During a non-selection period or active display period over which the switch SWa is closed, the switches SWb to SWd and SWf remain open. A drive current I_drv(m) flows through the organic EL element OLED at a magnitude corresponding to the video signal I_sig(m). The organic EL element OLED emits light at a luminance corresponding to the magnitude of the drive current I_drv(m).

As with the first embodiment, this driving method can make the effect of the threshold voltage V_th on the drive current I_drv almost equal among the pixels PX even if the gate potential of the drive control element DR hardly changes by the write operation due to a markedly small write current I_sig. This driving method, therefore, prevents the display unevenness from occurring when a low-gray-level image is displayed.

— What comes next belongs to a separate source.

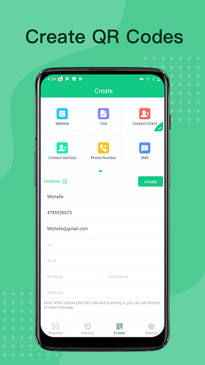 QR code scanner, barcode reader app also has a QR generator feature allowing you to generate your own QR codes with different types easily

In the present embodiment, in contrast to the first embodiment, the reset signal lines RSL are provided separately from the video signal lines DL to supply reset signals to the pixels PX. This makes it possible to reduce the frequency of changes in the potential of each video signal line DL.

In the present embodiment, the scan signal lines SL3 may be omitted, with the gates of the switches SWf connected to the scan signal lines SL4. The reset signal lines RSL may be laid parallel to the scan signal lines SLl to SL4. Moreover, each pixel PX may include the switch SWe, which is omitted in the present embodiment.

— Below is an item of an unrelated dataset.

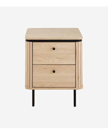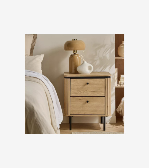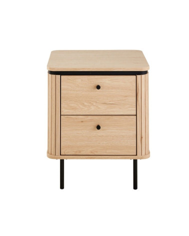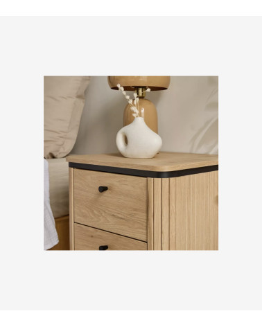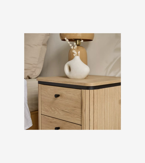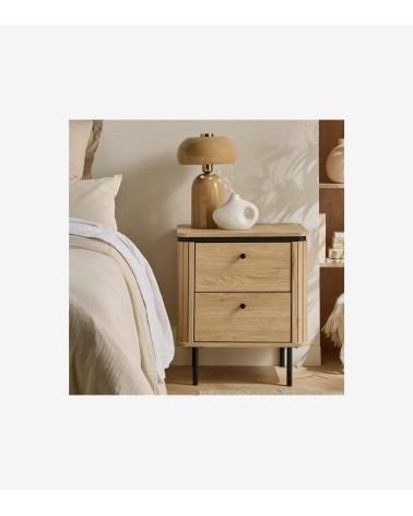 Cette table de chevet est un meuble pratique et esthétique pour votre chambre. Elle est dotée de deux tiroirs spacieux, parfaits pour ranger vos objets personnels. Le design se distingue par ses côtés recouverts de lames verticales, ajoutant une touche d'élégance vintage.

Additional advantages and modifications will readily occur to those skilled in the art. Therefore, the invention in its broader aspects is not limited to the specific details and representative embodiments shown and described herein. Accordingly, various modifications may be made without departing from the spirit or scope of the general inventive concept as defined by the appended claims and their equivalents.

Claims

1. A display comprising pixels and video signal lines arranged correspondently with columns which the pixels form, wherein each of the pixels comprises:

a drive control element which includes a control terminal, a first terminal connected to a first power supply terminal, and a second terminal outputting a current having a magnitude corresponding to a voltage between the control terminal and the first terminal;

a display element which includes a pixel electrode, a counter electrode connected to a second power supply terminal, and an active layer interposed between the pixel electrode and the counter electrode;

an output control switch connected between the second terminal and the pixel electrode;

a first capacitor connected between the control terminal and a constant-potential terminal;

a second capacitor;

a signal supply control switch, the second capacitor and the signal supply control switch being connected in series between the control terminal and the video signal line;

a first diode-connecting switch connected between the second terminal and an electrode of the second capacitor; and

a second diode-connecting switch connected between the second terminal and another electrode of the second capacitor.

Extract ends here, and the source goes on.